Pet travel is the process of traveling with or transporting pets. Pet carriers like cat carriers and dog crates confine and protect pets during travel.

Animal stress

Pets may experience stress and anxiety from unfamiliar situations and locations. Cats are especially stressed by change. Instead of travelling with their owner on vacation, pets can be boarded at kennels or kept at home with a friend or pet sitter. However, that also includes unfamiliar situations and locations. This is not an option when moving permanently.

Travel methods

Air travel

Pets may travel in the aircraft cabin, checked baggage or cargo. However, airlines set their own policies regarding the travel of pets. Pet Airways specialized in transporting pets, but failed as a business. In recent years private-jet pet travel gained some momentum especially due to the discounted flight sales.

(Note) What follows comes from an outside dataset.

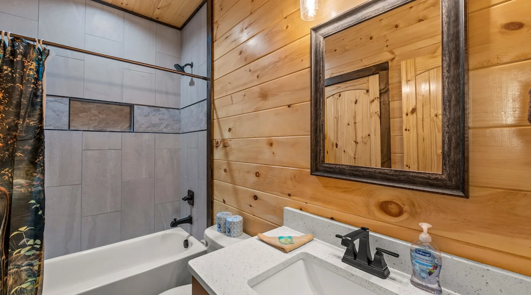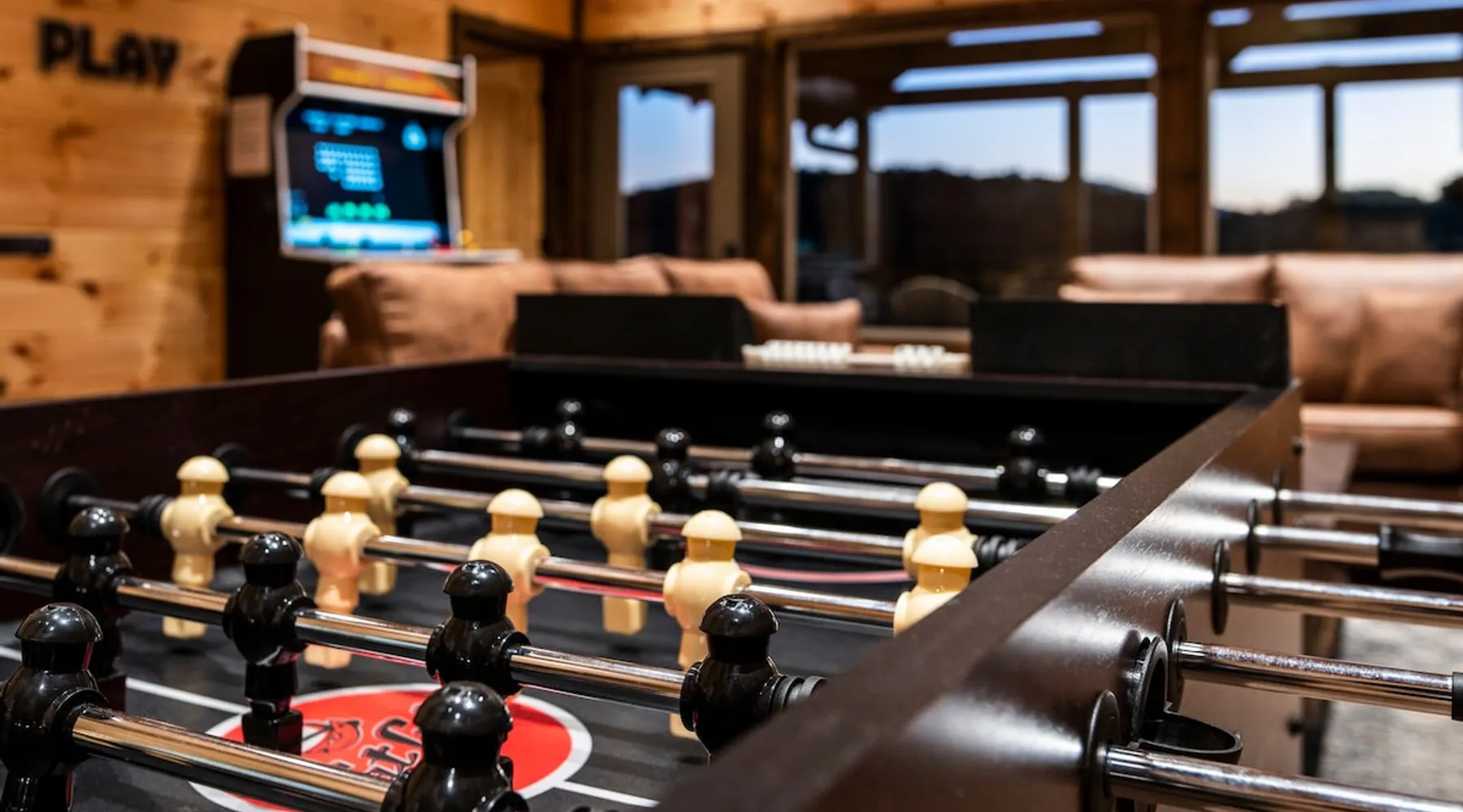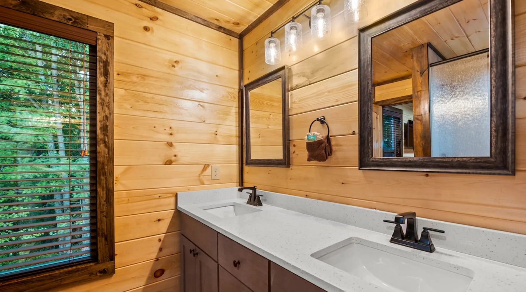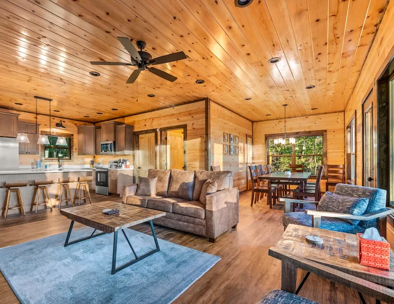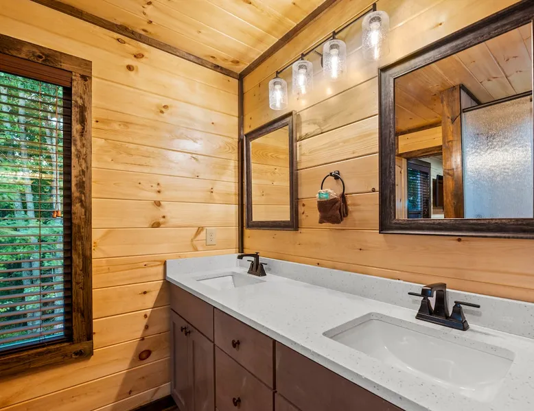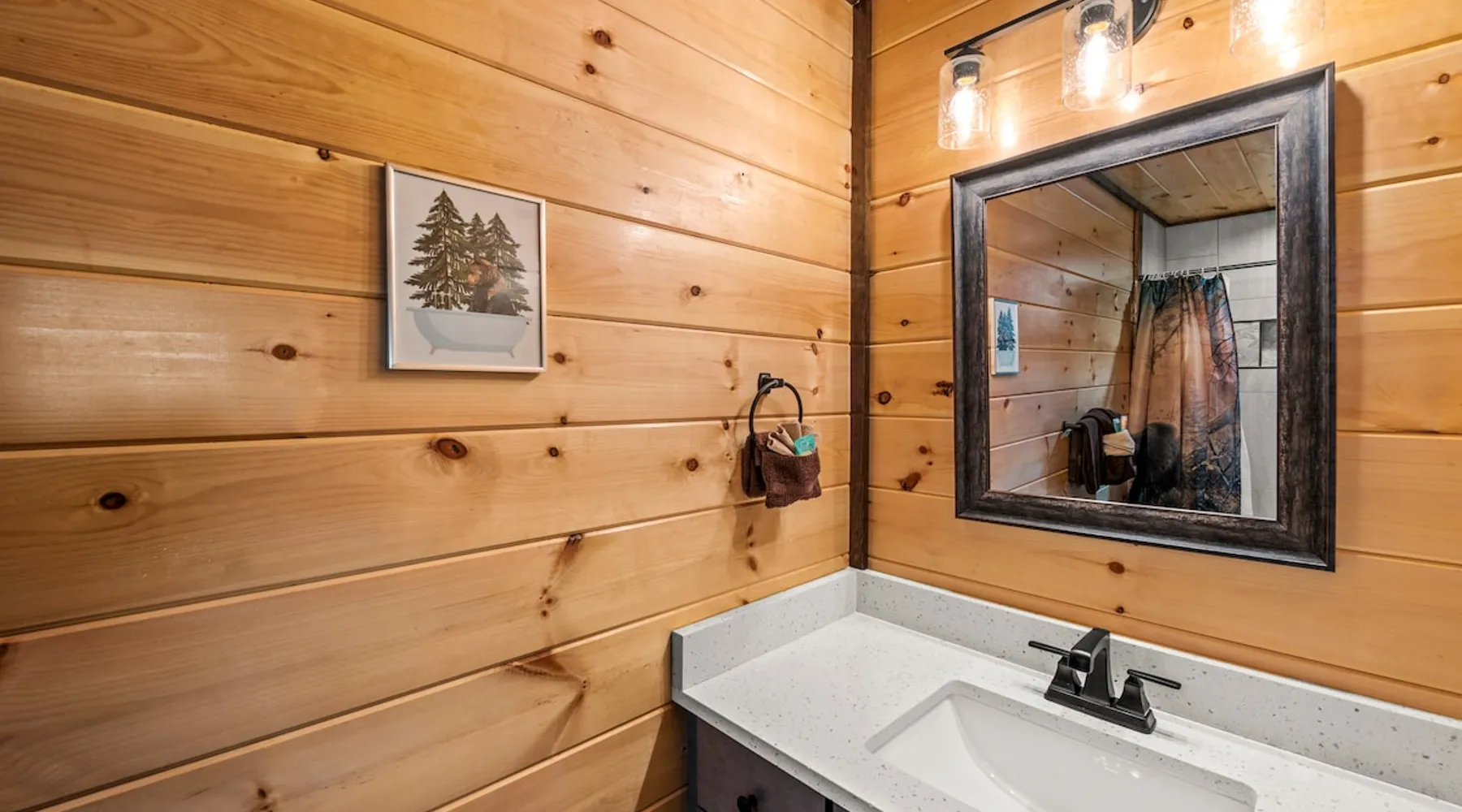 This spacious, five-bedroom pool cabin is your perfect Smoky Mountain vacation! Featuring 4 king bedrooms plus a bunk room, an amazing loft, a theatre room to watch the big game, views for miles on our three decks, and an indoor heated pool with a view of the Smokies. Minutes to Pigeon Forge and Dollywood, this cabin boosts Wi-Fi, Satellite TV, a game room, outdoor hot tub, and an outdoor fireplace to enjoy those beautiful TN sunsets. Easy access roads means anyone can reach this cabin! The space Features • 5 Bed/5.5 Bathroom Cabin - Sleeps 16 • Indoor Heated Pool • Foosball/2x Arcades/Game Room • Outdoor Hot Tub - Seats 4 • Satellite TV and High Speed Cellular Wi-Fi • Parking for up to 5 vehicles • 10 Minutes from Pigeon Forge/15 from Dollywood This spacious, five-bedroom pool cabin is your perfect Smoky Mountain vacation! Featuring 4 king bedrooms plus a bunk room, an amazing loft, a theatre room to watch the big game, views for miles on our three decks, and an indoor heated pool with a view of the Smokies. Minutes to Pigeon Forge and Dollywood, this cabin boosts Wi-Fi, Satellite TV, arcade cabinet, hot tub, and an outdoor fireplace to enjoy those beautiful TN sunsets. Easy access roads means anyone can reach this cabin! Host your next vacation or holiday gathering at Overlook Swim Lodge, a gorgeous three-story Tennessee cabin, complete with an indoor heated pool, game room, theatre, and a private outdoor hot tub. Take a short drive over to Pigeon Forge, the home of Dollywood and so many other fun-filled attractions, shops, and excellent restaurants! Overlook Swim Lodge is a custom designed cabin that is positively aglow with rich, knotty pine walls, 3 different level decks, and two beautiful fireplaces with all the desirable modern conveniences of home. Overlook Swim Lodge has amble parking to fit 5 vehicles. The open living area has a plush leather sofa (with pull-out queen), twin matching chairs, and a stone-face electric fireplace. The open concept kitchen has cabinets and drawers stocked with essential cookware and dinnerware, and a full array of appliances including a dishwasher and Keurig. Augment those home-cooked meals with the gas grill located outside on the well-appointed deck. Close by, there's a dining table with seating for twelve and a breakfast bar with seating for four. The main floor also includes two bedrooms which both offer a cozy king-size bed and a large en suite bathroom. Upstairs there are three additional bedrooms, two kings and a bunk room all with their own en suite bathrooms. The bunk room is great for children or young adults with four twin mattress and its own attached bathroom with double vanities and shower. With five bedrooms, a furnished loft with a pull-out sofa (queen), and an additional sleeper sofa on the main level, this home sleeps up to 16 guests very comfortably. While upstairs you can enjoy the full use of our game room featuring a large TV and sitting area, foosball, 2x 2-player premium arcade system with over 18,000 titles, and rustic pub table. Step outside onto the deck for gorgeous views of the smokies while sitting next to an electric outdoor fireplace. Custom built for our cabin you can enjoy that glass of wine/whiskey while the fireplace keeps you warm on those cool fall and spring nights. Thanks to the complimentary cellular Wi-Fi, you can easily stream your favorite shows and share photos and videos of your vacation with friends and family back home. Check on the local news and weather or keep up with all your favorite shows on multiple TVs with satellite service. Heading downstairs you will find the huge theatre room with seating for eight. Featuring satellite TV, Blue Ray/DVD player and an 85-inch HD TV, this room is perfect for the latest blockbuster or watching the game with family and friends. Just off the theatre you will find our indoor heated pool. Relax and have a good time while you view those smoky mountains right from the pool! As you head towards the deck you will see our full washer/dryer that is available for your use as well as a half bathroom. Outside on the deck you will find a five-seater hot tub just waiting for you to relax with those jets after a long day of adventure. No visit to the area would be complete without a trip to nearby Dollywood or Pigeon Forge. The cabin is just 10 minutes from Pigeon Forge and 20 minutes from Gatlinburg. Conveniently close to a main road with no windy or steep mountains to climb. No matter the season, make your reservation today and get ready to make a splash and enjoy the beauty of the Great Smoky Mountain National Park at this brand-new pool cabin! Guest access You will have the entire cabin to yourself! Other things to note Indoor Heated Pool: Our pool is kept at a moderate 82 degrees year round. We have a separate locked door between the pool room and the cabin to make sure those without access are not in the pool room unsupervised. Weather Related: The weather in Tennessee can be unpredictable. We appreciate if all guest be aware of any weather impacts to their stay. We are not responsible for maintaining the conditions of roads, decks, and driveways in the event of snow, ice, rain, etc.

In such travels pets are allowed in cabin with their owners which reduces stress and trauma. However, unlike flying commercial airline where ticket fee are paid one-off up-front, pet owners need to take precautions of extra cost involved in private jet flight with pets onboard, such as cleaning fee and de-icing fee of private jet. These cost may only be known  post flights.

The Humane Society of the United States recommends avoiding air travel if possible. Extreme temperatures and thin air have extra risk for brachycephalic animals such as bulldogs, Pekingese dogs, pugs and Persian cats. The United States Department of Transportation Air Travel Reports recorded 302 deaths, injuries and disappearances over 6 years with 35 deaths in 2011. At least two dogs died on United Airlines flights in 2012.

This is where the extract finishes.